- **MATERIAL PROVIDED**:
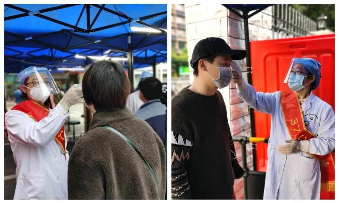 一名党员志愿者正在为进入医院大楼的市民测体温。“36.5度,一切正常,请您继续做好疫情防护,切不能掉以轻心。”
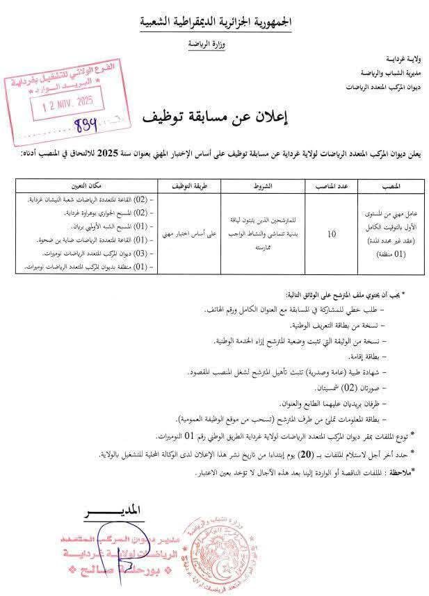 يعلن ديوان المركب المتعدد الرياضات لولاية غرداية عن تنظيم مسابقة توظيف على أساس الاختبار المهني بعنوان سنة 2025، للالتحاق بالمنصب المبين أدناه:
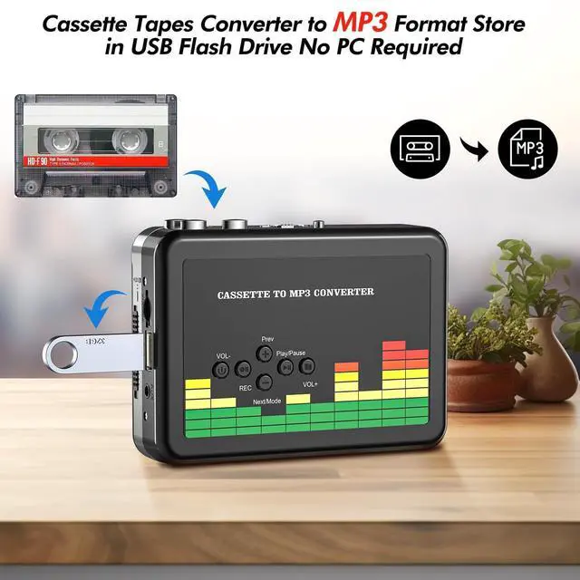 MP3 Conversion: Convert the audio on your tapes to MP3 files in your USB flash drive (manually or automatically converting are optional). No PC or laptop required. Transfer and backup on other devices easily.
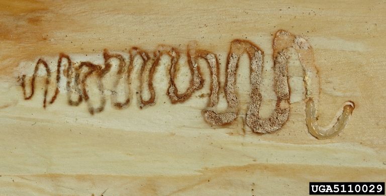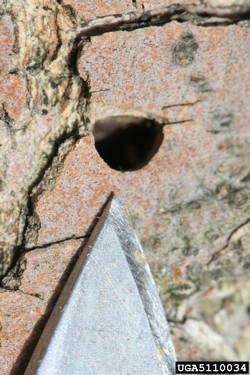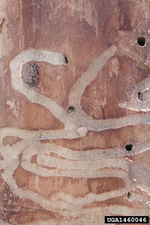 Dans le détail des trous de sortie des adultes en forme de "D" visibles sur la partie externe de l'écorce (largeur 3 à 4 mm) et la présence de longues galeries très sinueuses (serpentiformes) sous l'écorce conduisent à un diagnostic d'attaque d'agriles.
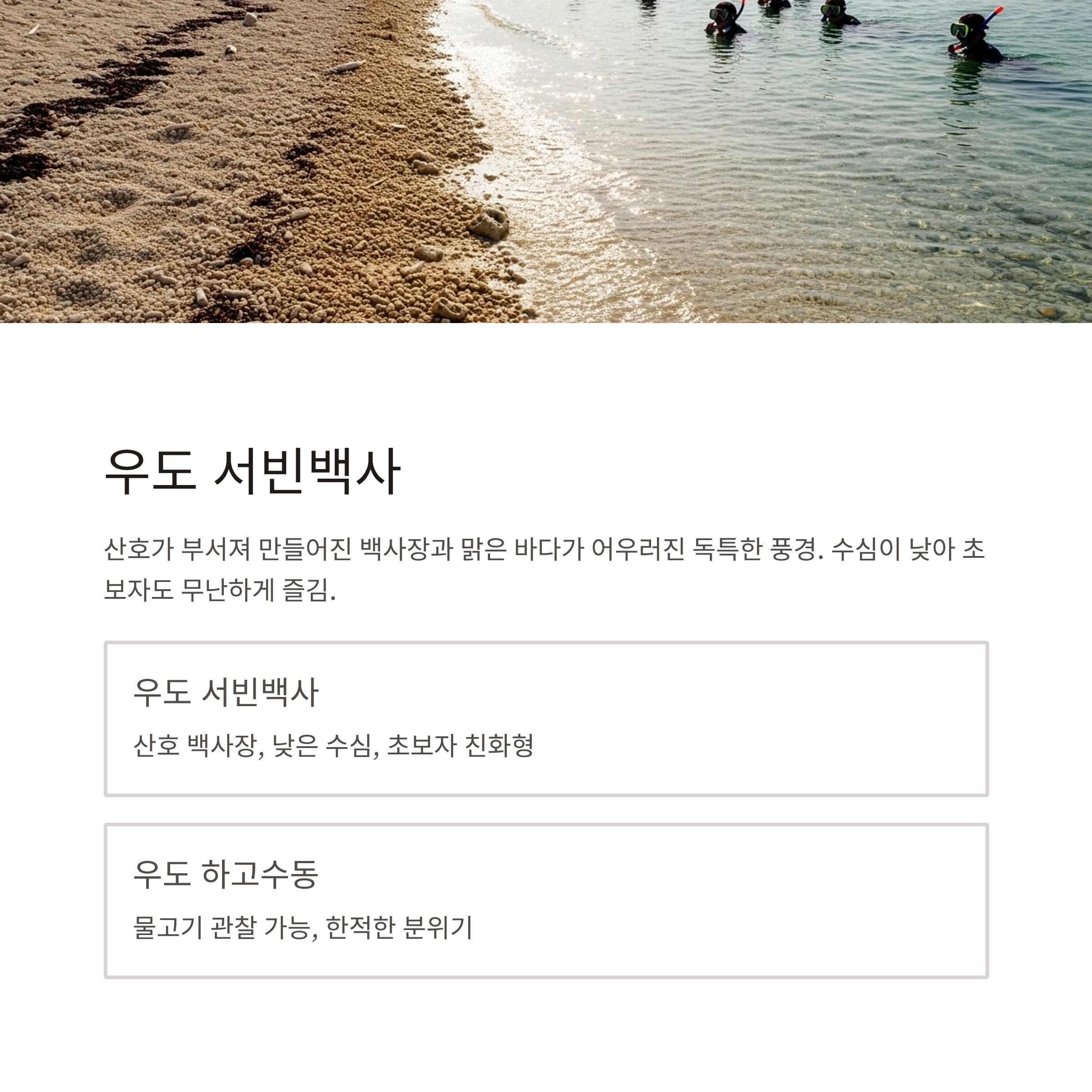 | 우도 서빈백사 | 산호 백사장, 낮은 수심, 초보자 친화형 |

- **PROBLEM DESCRIPTION**: Find the line containing "MP3 Conversion: Convert" and copy it and each line after it through the end of the material, exactly, with no pictures.

- **ANSWER SECTION**:
 MP3 Conversion: Convert the audio on your tapes to MP3 files in your USB flash drive (manually or automatically converting are optional). No PC or laptop required. Transfer and backup on other devices easily.
 Dans le détail des trous de sortie des adultes en forme de "D" visibles sur la partie externe de l'écorce (largeur 3 à 4 mm) et la présence de longues galeries très sinueuses (serpentiformes) sous l'écorce conduisent à un diagnostic d'attaque d'agriles.
 | 우도 서빈백사 | 산호 백사장, 낮은 수심, 초보자 친화형 |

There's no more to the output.